Information furnished is believed to be accurate and reliable. However,
NVIDIA Corporation assumes no responsibility for the consequences of use
of such information or for any infringement of patents or other rights
of third parties that may result from its use. No license is granted by
implication or otherwise under any patent or patent rights of NVIDIA
Corporation. Specifications mentioned in this publication are subject
to change without notice. These materials supersedes and replaces all
information previously supplied. NVIDIA Corporation products are not
authorized for use as critical components in life support devices or
systems without express written approval of NVIDIA Corporation.

Trademarks

NVIDIA, CUDA, and the NVIDIA logo are trademarks or registered trademarks
of NVIDIA Corporation in the United States and other countries. Other
company and product names may be trademarks of the respective companies
with which they are associated.

Copyright

(C) 2007-2009 by NVIDIA Corporation. All rights reserved.
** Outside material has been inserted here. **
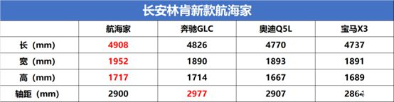 全新一代航海家的车身长、宽、高分别为4908*1952*1717mm,轴距2900mm,属于中型SUV中较大的水平。整体上比它的2022款车型大了一圈,要略优于同级的奔驰GLC,奥迪Q5L和宝马X3。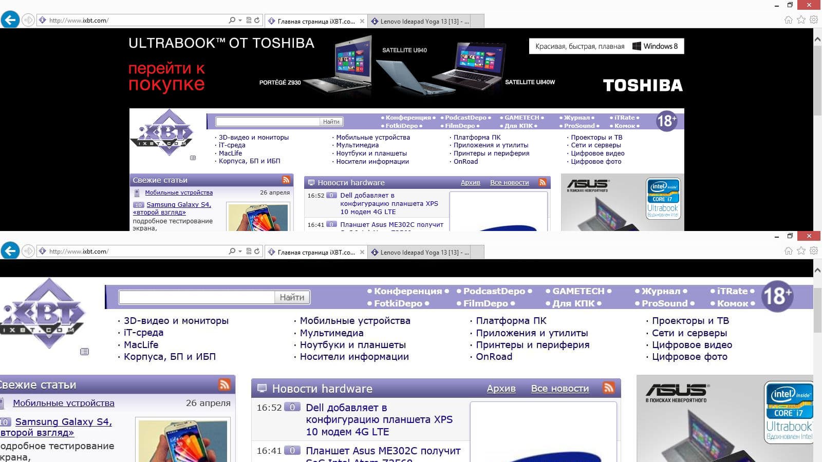 Так, при отсутствии поддержки масштабирования даже элементы интерфейса становятся слишком мелкими: неудобно читать мелкие шрифты, неудобно работать и даже кликать мышкой, не говоря уж об использовании пальца. Поэтому на Aspire S7, например, моим любимым браузером стал IE10… Впрочем, это мы забегаем вперед.

LIST OF SUPPORTED FEATURES:
--------------------------
- Execute a CUDA program with profiling enabled and view the profiler output
as a table. The table has the following columns for each GPU method:
timestamp: Start time stamp
method: GPU method name. This is either "memcopy" for memory copies
or the name of a GPU kernel.
GPU Time
CPU Time
Occupancy
Profiler counters:
gld_incoherent : Number of non-coalesced global memory loads
gld_coherent : Number of coalesced global memory loads
gst_incoherent : Number of non-coalesced global memory stores
gst_coherent : Number of coalesced global memory stores
local_load : Number of local memory loads
local_store : Number of local memory stores
branch : Number of branch events (instruction and/or sync stack)
divergent_branch : Number of divergent branches within a warp
instructions : Number of dynamic instructions (in fetch)
warp_serialize : Number of threads in a warp serialize based
on address (GRF or constant)
cta_launched : Number of CTAs launched on the PM TPC

Please refer the "Interpreting Profiler Counters" section below for
more information on profiler counters.
Note that profiler counters are also referred to as profiler signals.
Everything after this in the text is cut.